Article Directory

foreword
- What is VQA
1. Download the original dataset VQA 2.0
2. Download the preprocessed data
3. Preparation
- 1. Create a dictionary and use the pre-trained glove vector (create_dictionary.py)
- 2. Annotation processing (compute_softscore.py)
Four, model articles
Five, train articles
Summarize
Use of VQA related github code: [KaihuaTang/VQA2.0-Recent-Approachs-2018.pytorch](https://github.com/KaihuaTang/VQA2.0-Recent-Approachs-2018.pytorch)

foreword

This article records the whole process of my first research on the VQA 2.0 dataset.

In the process, I would like to thank a certain blogger for his guidance, which helped me a lot. Grateful!

What is VQA

           VQA任务就是给定一张图片和一个问题，模型要根据给定的输入来进行回答。

Obviously, there are two inputs (image and question) for the VQA task. How to extract the feature of the image will not be described here. CNN can be used to extract features. CNN can choose backbone networks such as Resnet and VGG (removing pooling and fc layer).

As for how to extract the features of the question, the general method is that since the question itself is a text, it needs to be converted into the corresponding vector form , because the model does not understand the text, so first convert each word into a corresponding vector , simple The best way is to use one-hot encoding. Of course, you first need to create a dictionary (including all possible words in your task) one-hot encoding. For example:

    初始有一个词典：['a','is','he','boy','she','dog','school','man','woman','king','queen']

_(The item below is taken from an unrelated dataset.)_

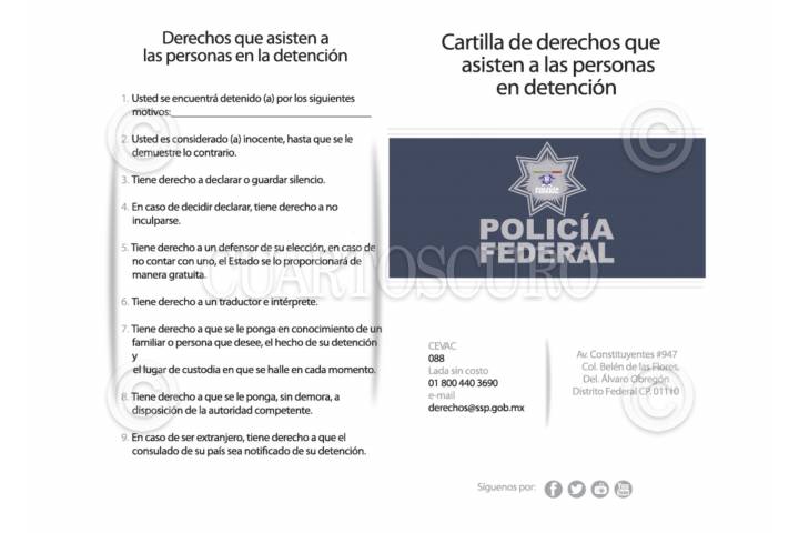MÉXICO, D.F., 25ENERO2013.- La Secretaría de Gobernación dió a conocer la cartilla de derechos que asisten a las personas en detención que deberá aplicar la Policía Federal. Este documento esta compuesto por nueve puntos 1. Usted se encuentra detenido (a) por los sigueintes motivios. 2 Usted es considerado (a) inocente, hasta que se le demuestre los contrario. 3. Tiene derecho a declarar o guardar silencio. 4. En caso de decidir declarar, tiene derecho a no inculparse. 5. Tiene derecho a un defensor de su elección, en caso de no contar con uno, el Estado se lo proporcionará de manera gratuita. 6. Tiene derecho a un traductor e intérprete. 7. Tiene derecho a que se le ponga en conocimiento de un familiar o persona que desee, el hecho de su detención y el lugar de custodia en que se halle en cada momento. 8. Tiene derecho a que se le ponga, sin demora, a disposición de la autoridad competente. 9. En caso de ser extranjero, tiene derecho a que el consulado de su país sea notificado de su detención. FOTO: SEGOB /CUARTOSCURO.COM
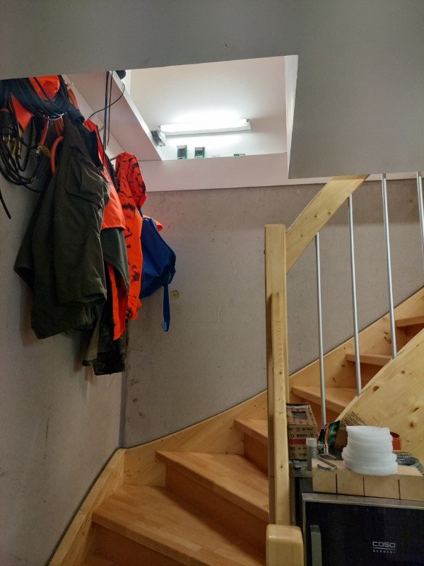 Die Steuerung der Hebeanlage liegt im Bereich des roten Kreises. Die Pumpe unten im Sockel. Die Rückstauebene liegt ca. 30cm über der gezeigten Betondecke im Bild. Direkt oben drüber liegt der Hausflur.

The word that appears can be represented by one-hot encoding, such as 'he'->[0, 0, 1, 0, 0, 0, 0, 0, 0, 0, 0], the obvious disadvantage is When the dictionary is very large, one-hot encoding will be particularly sparse,

At this time, other encoding methods are generally used. For example, you can use pre-trained glove vectors

When we convert words into corresponding vectors , we need to send the corresponding vectors of the whole sentence to RNN to extract corresponding text features . For RNN, we usually choose LSTM or GRU (we need to explain LSTM and GRU, we can for another time).

After obtaining the features of the image and question, it can be trained through the model . The training method can use the form of multi-label classification, so its loss is also a multi-label loss, and cross-entropy loss can also be used .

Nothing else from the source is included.